NATAL BERSAMA DAN TAHUN BARU Sejarah, Hukum, dan Solusinya



Pendahuluan
Dari Abu Hurairah r.a , Rasulullah saw bersabda:
لاَ تَقُومُ السَّاعَةُ حَتَّى تَأْخُذَ أُمَّتِي بِأَخْذِ القُرُونِ قَبْلَهَا، شِبْرًا بِشِبْرٍ وَذِرَاعًا بِذِرَاعٍ»، فَقِيلَ: يَا رَسُولَ اللَّهِ، كَفَارِسَ وَالرُّومِ؟ فَقَالَ: وَمَنِ النَّاسُ إِلَّا أُولَئِكَ
“Hari kiamat tak bakalan terjadi hingga umatku meniru generasi-generasi sebelumnya, sejengkal demi sejengkal, sehasta demi sehasta.” Ditanyakan, “Wahai Rasulullah, seperti Persi dan Romawi?” Nabi menjawab: “Manusia mana lagi selain mereka itu?” (HR. Bukhory no. 7319)
Dalam riwayat dari Abu Sa’id al Khudri Rasulullah bersabda:
لَتَتْبَعُنَّ سَنَنَ مَنْ كَانَ قَبْلَكُمْ، شِبْرًا شِبْرًا وَذِرَاعًا بِذِرَاعٍ، حَتَّى لَوْ دَخَلُوا جُحْرَ ضَبٍّ تَبِعْتُمُوهُمْ» ، قُلْنَا: يَا رَسُولَ اللَّهِ، اليَهُودُ وَالنَّصَارَى؟ قَالَ: «فَمَنْ
“Sungguh, engkau akan mengikuti tradisi orang-orang sebelum kalian, sehasta demi sehasta, sejengkal demi sejengkal, hingga kalaulah mereka masuk liang biawak, niscaya kalian mengikuti mereka.” Kami bertanya, “Wahai Rasulullah, Yahudi dan nasranikah?” Nabi menjawab: “Siapa lagi kalau bukan mereka?” (HR. Bukhory no. 7320)
Ibnu Hajar Al Asqalani (w. 852 H) dalam kitabnya, Fathul Bariy, menerangkan bahwa hadist no 7319 berkaitan dengan tergelincirnya umat Islam mengikuti mereka dalam masalah tata negara dan pengaturan urusan rakyat, sedangkan hadist no 7320 berkaitan dengan tergelincirnya umat Islam mengikuti mereka dalam masalah aqidah dan ibadah.

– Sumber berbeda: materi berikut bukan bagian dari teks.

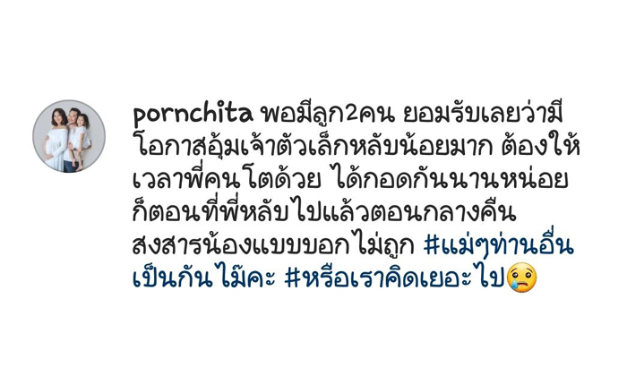 ซึ่งหลังจากที่ข้อความดังกล่าวของคุณแม่ลูกอ่อน เบนซ์ พรชิตา ถูกแชร์ออกไป ก็มีคุณแม่หลายท่านที่เข้ามาตอบคำถามและแบ่งปันประสบการณ์ที่คล้ายคลึงกันเป็นจำนวนหลายร้อยข้อความ อีกทั้งยังร่วมส่งกำลังให้กับเธอด้วยว่า ไม่อยากให้คิดมาก เพราะสุดท้ายแล้วทุกอย่างจะเข้าที่เข้าทางเป็นไปตามธรรมชาติเอง
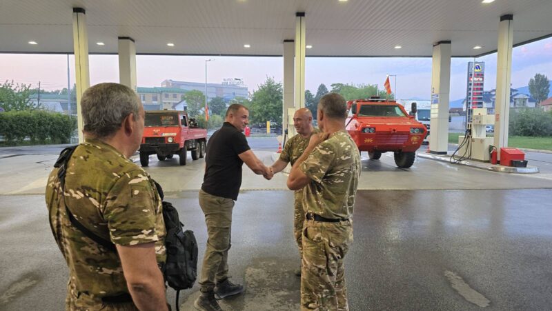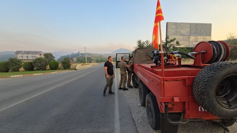 Два полициски хеликоптера, еден армиски хеликоптер, еден Хермелин со цистерна на ДЗС, еден Пинцгауер на ДЗС и едно теренско возило „амарок” на ДЗС, дејствуваат како поддршка на скопската Бригада за противпожарна заштита која со повеќе пожарникари и возила го гаси големиот пожар на отворен простор на територијата на општина Чучер Сандево над магистралниот пат Скопје – Блаце кој изби вчера во попладневните часови.
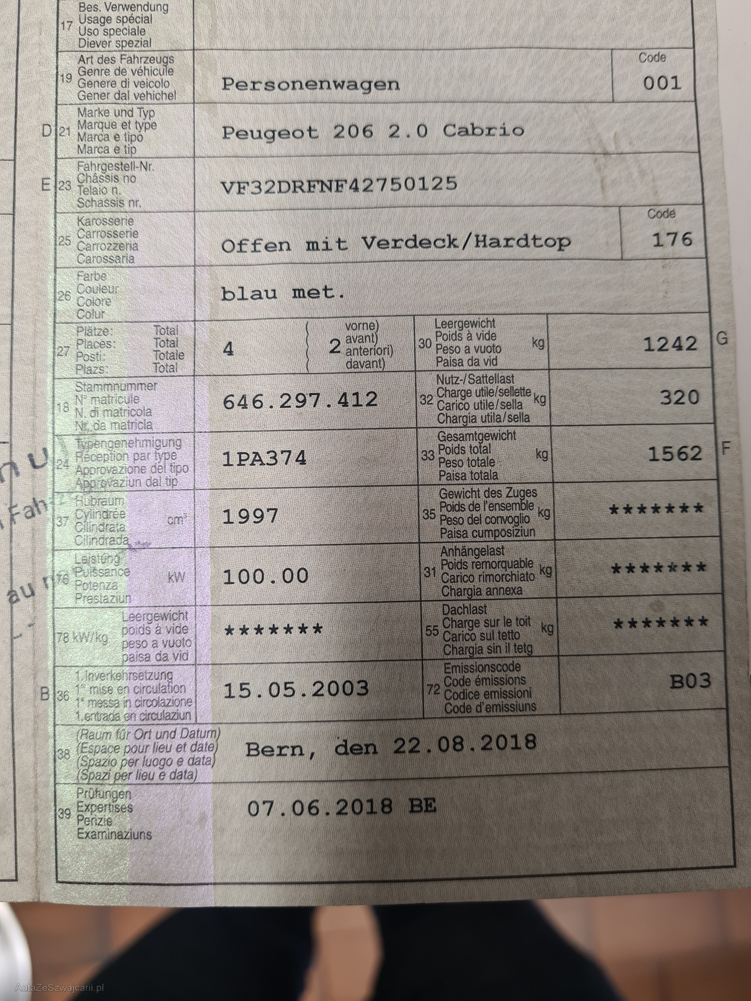 | Kommentar | Fensterhebermotor hinten links defekt! Fenster offen siehe Foto. Dach kann nicht geöffnet werden! (Fensterheber) Am Fahrzeug wurde keine vollumfängliche Prüfung der mechanischen Teile und der Carrosserie durchgeführt! Das Risiko liegt somit vollumfänglich beim Käufer. Um Missverständnisse zu vermeiden kann das Fahrzeug auf Voranmeldung besichtigt & getestet werden. Wird davon bewusst kein Gebrauch gemacht, liegt die Verantwortung beim Käufer. Nach Zuschlag, keine Nachverhandlungen möglich. Ab Platz ohne Garantie, Wandelung und Minderung werden wegbedungen. |
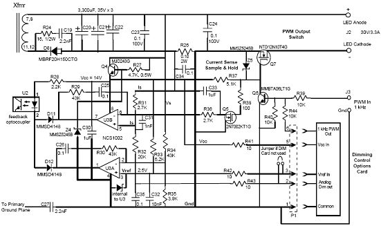 利用這個(gè)電路可以實(shí)現(xiàn)具有PWM調(diào)光輸入和可選調(diào)光卡的30 Vout LED驅(qū)動(dòng)器CVCC次級(jí)檢測(cè)。
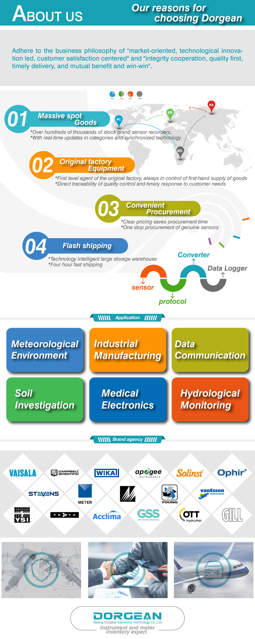 Beijing Dorgean Electronic Technology Co., LTD is an outstanding agent in the advanced service distribution of electronic and optical instrument and meters to test, measure, analyze, and control your facility and your process in meteorology, hydrology, environmental monitoring, air quality analysis, soil testing, etc. We have established excellent third-party technology promotion service authorization with the global famous manufacturers such as Meter, Temtop, Acclima, Hash(HACH), RM.YOUNG, Met One, Apogee, TSI, YSI, Femto, Hukseflux, Delta-T, GILL, Alphasense, Geonor, Ophir, Solinst, and so on. Timely and accurately grasping industry information, we have successfully provided a variety of products, consultations, solutions and services for thousands of institutions and companies with the strong support of manufacturers.
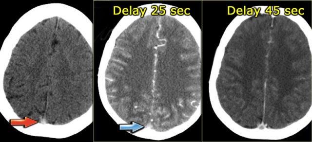 Chỉ đến hình ảnh bên phải, được chụp 45 giây sau khi tiêm thuốc cản quang, mới xuất hiện dấu hiệu delta rỗng, xác nhận sự hiện diện của huyết khối trong xoang.
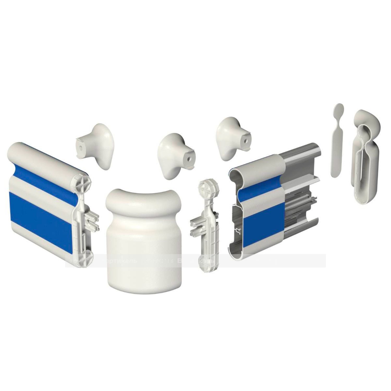 - С целью соответствия визуального облика изделия поручень изготовлен в двухцветном, контрастном исполнении (параллельные, чередующие полосы синего и белого цвета).
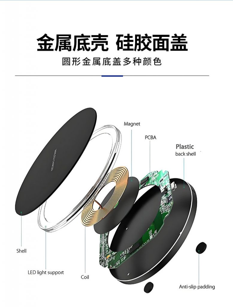 这款硅胶无线充,硅胶 + 铝合金双材质强强联合,一面是软弹亲肤的硅胶表层,贴合掌心不打滑,冬日放置也不冰手;一面是细腻磨砂的铝合金底壳,散热耐用更显质感。15W 快充功率,手机随手一放就能快速回血,追剧办公不等待。舒适的握感让充电变成日常小享受,更支持图案与 LOGO 全定制,无论是企业采购做伴手礼,还是私人打造专属标识,都能让这块小圆垫成为你的桌面质感担当。
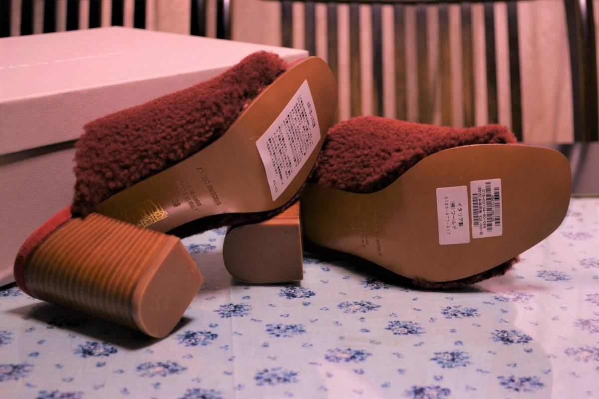 メイド・イン・イタリー(表示あり)、アッパー素材はボア×レザーなど、ソール素材はレザーなど、表記サイズは36(日本サイ23.0cm相当)、素人採寸ですがソール長約24cm、ソール幅約8cm(最長部計測)、ヒール高約8.5cm、筒高約1cm、専用箱付未使用、購入時の定価3万240円(表示あり)、型崩れを防ぎながら冷暗所にて大切に保管しています。
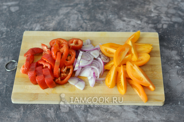 А тем временем нарежьте помидоры, лук и перец на свое усмотрение. Я нарезала помидоры дольками, лук - полукольцами, а перец - соломкой.
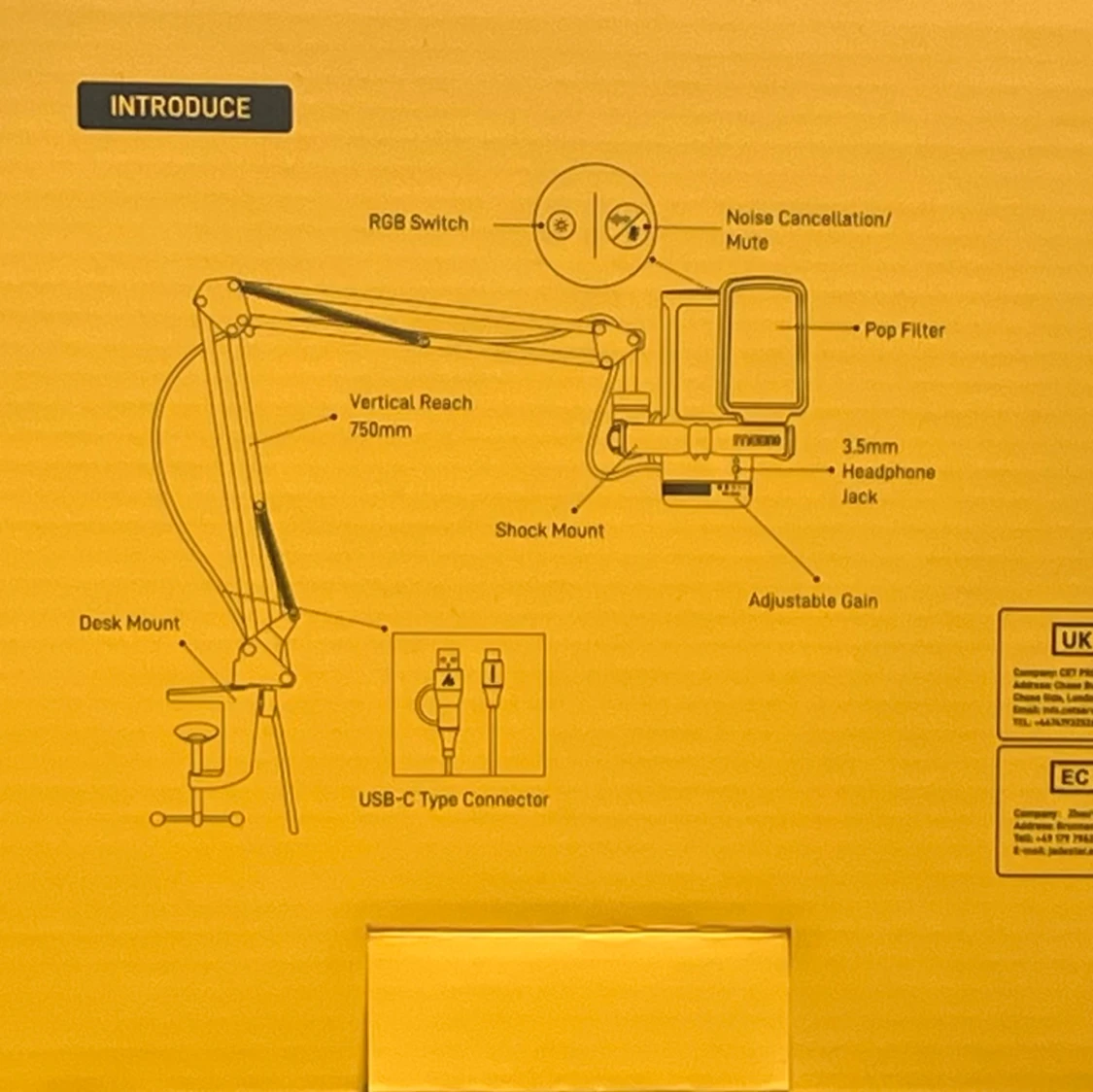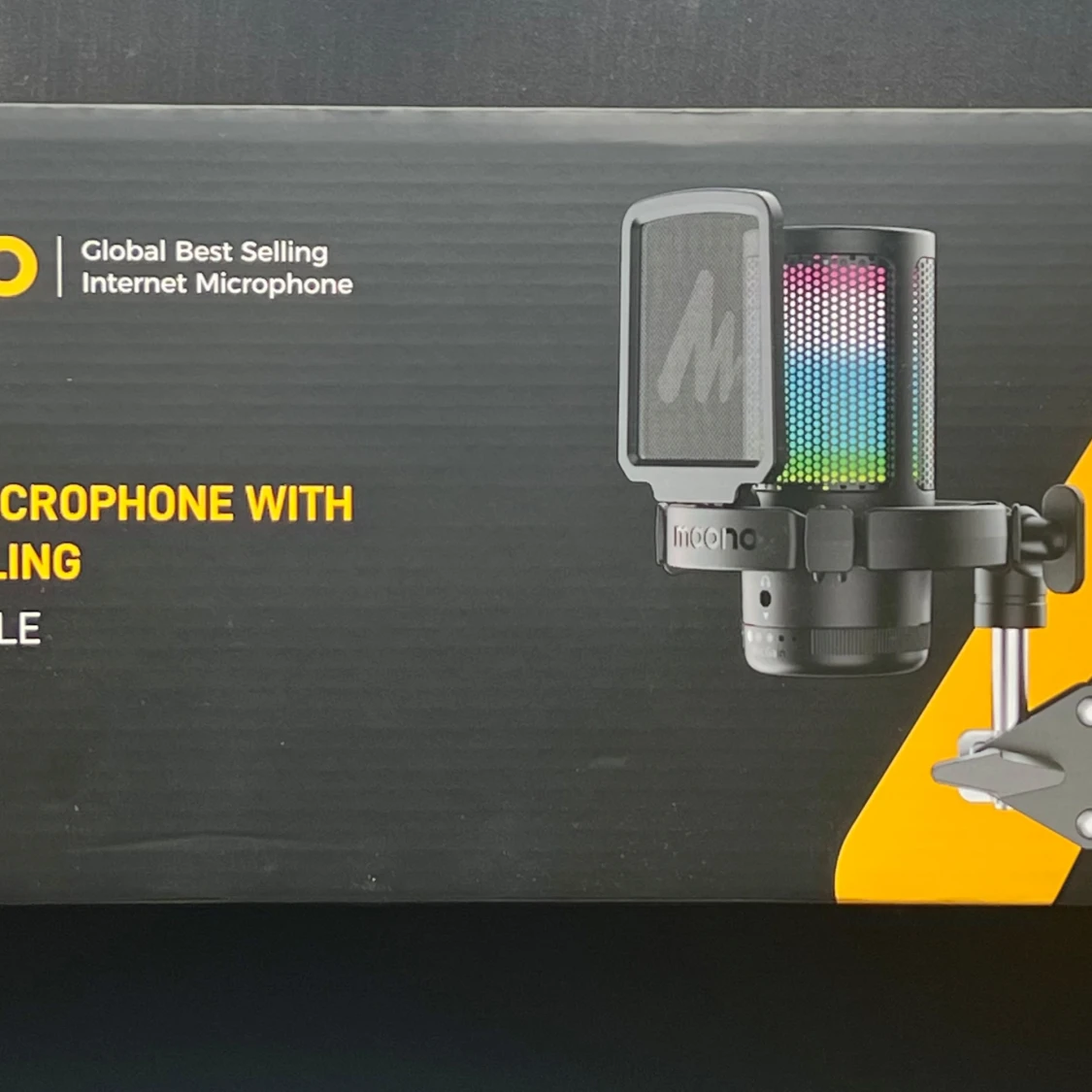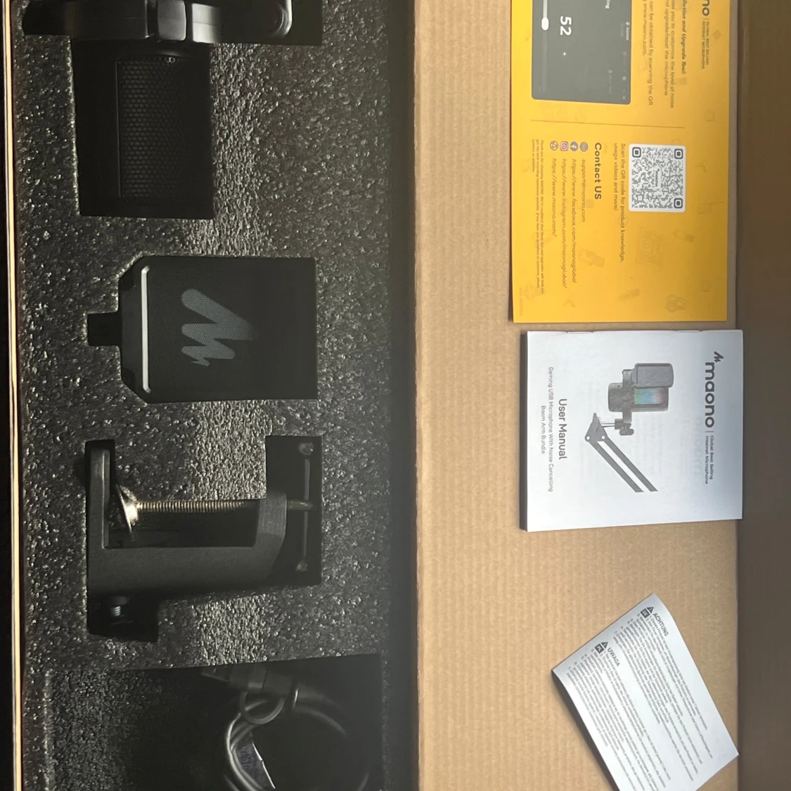 Manualen till Maonos populära internetmikrofon med RGB-belysning, popfilter och justerbar arm. Perfekt för dig som vill ta din streaming, gaming eller podd till nästa nivå! Innehåller tydliga instruktioner och tips för bästa ljudkvalitet.
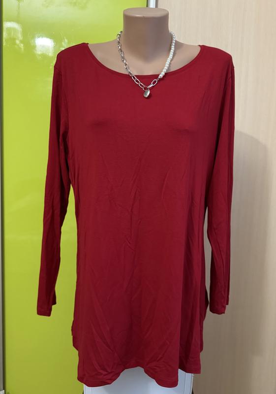 Подовжений лонгслів ( як туніка). В гарному стані, без нюансів, приємна тканина, склад нажаль не вказаний. Доволі еластична. Має розрізати по боках. Глибокий червоний колір ( більше мабуть винний). Штучна і практична річ, можна використовувати як на кожен день з лосинами, так і для тренувань. Заміри Пів обхват грудей 57см ( та тягнеться) Пів обхват талії 53-54 см та тягнеться Низ пів обхват 60см та тягнеться Довжина рукава від горловини 70см Довжина виробу по спинці 82см
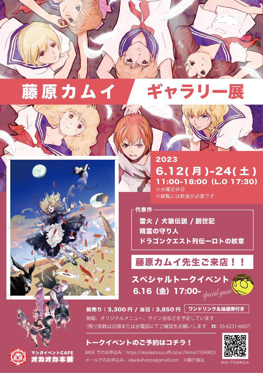 本日6/13(火)も11時よりオープンします。藤原カムイ先生のギャラリー展示中につき、特別メニューやグッズの販売も行っております。 pic.twitter.com/1XVi9s5Pt5

Apa yang telah Nabi saw sampaikan pada dua hadist di atas benar-benar telah terjadi. Di bidang tata Negara dan pengaturan urusan rakyat umat Islam saat ini tidak lagi mengambil sistem pemerintahan yang dicontohkan Nabi, sebaliknya mereka mengadosi demokrasi sistem kufur yang merampas kedaulatan Allah SWT dalam menetapkan hukum. Di bidang akidah dan ibadah umat Islam juga telah terjerumus dalam perangkap Yahudi. Diantaranya adalah perayaan Natal dan tahun Baru. Dengan dalih toleransi dan pluralisme serta kerukunan antar umat Bergama umat Islam menghadiri perayaan natal, mengucapkan selamat, menanti pergantian tahun di jalan-jalan dengan ikhtilath (campur baur) antara laki-laki dan perempuan dsb. Ironisnya lagi pendangkalan akidah ini dipertontokan dan dituntunkan oleh tokoh-tokoh umat dan pejabat-pejabat Negara. Kondisi ini persis seperti apa yang dikabarkan Nabi.
دُعَاةٌ عَلَى أَبْوَابِ جَهَنَّمَ مَنْ أَجَابَهُمْ إِلَيْهَا قَذَفُوهُ فِيهَا
(di masa keburukan) akan ada para penyeru yang mengajak pada pintu-pintu neraka jahannam. Siapa saja yang membenarkan mereka, maka mereka akan menjerumuskan pada neraka jahannam tersebut (HR. Bukhari, Muslim, dan Abu Dawud)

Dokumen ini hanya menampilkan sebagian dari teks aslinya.